** Given material **
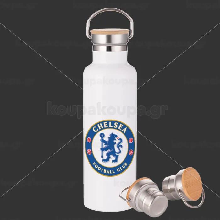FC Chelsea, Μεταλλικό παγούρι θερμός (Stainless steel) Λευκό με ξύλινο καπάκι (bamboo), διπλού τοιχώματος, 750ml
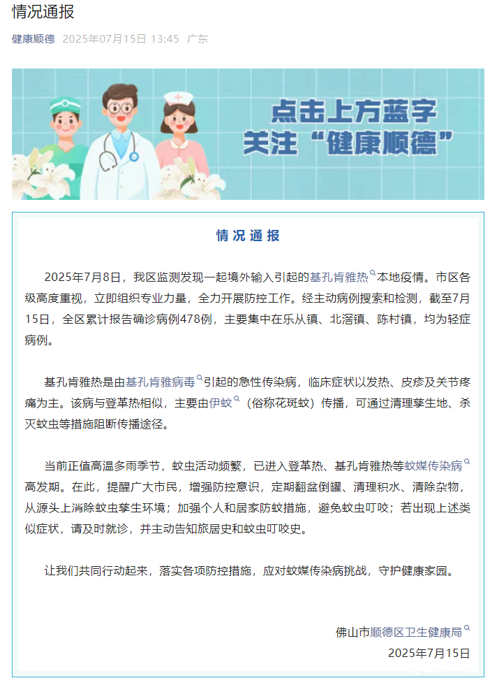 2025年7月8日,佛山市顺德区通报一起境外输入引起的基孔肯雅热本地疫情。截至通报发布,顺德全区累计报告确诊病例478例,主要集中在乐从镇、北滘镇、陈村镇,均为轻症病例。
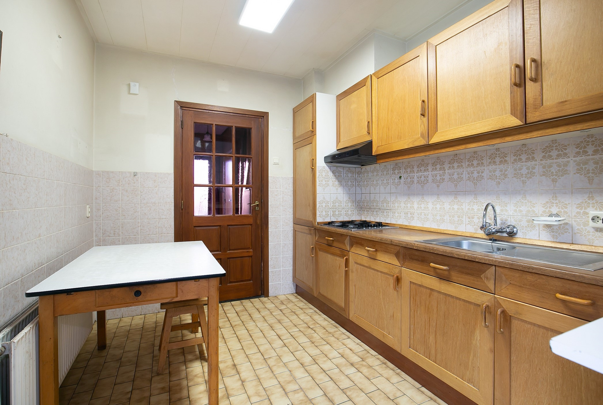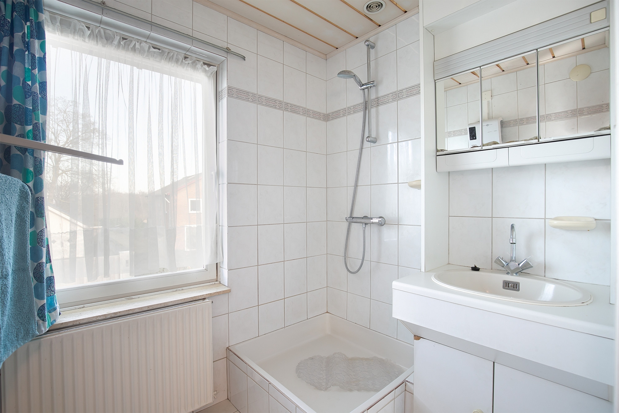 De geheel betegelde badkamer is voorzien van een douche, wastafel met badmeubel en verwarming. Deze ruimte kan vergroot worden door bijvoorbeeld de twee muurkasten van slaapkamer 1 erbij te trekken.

** Work to be completed **
Could you print the data exactly as it appears and keep the pictures out?

** Task result **
FC Chelsea, Μεταλλικό παγούρι θερμός (Stainless steel) Λευκό με ξύλινο καπάκι (bamboo), διπλού τοιχώματος, 750ml
 2025年7月8日,佛山市顺德区通报一起境外输入引起的基孔肯雅热本地疫情。截至通报发布,顺德全区累计报告确诊病例478例,主要集中在乐从镇、北滘镇、陈村镇,均为轻症病例。
 De geheel betegelde badkamer is voorzien van een douche, wastafel met badmeubel en verwarming. Deze ruimte kan vergroot worden door bijvoorbeeld de twee muurkasten van slaapkamer 1 erbij te trekken.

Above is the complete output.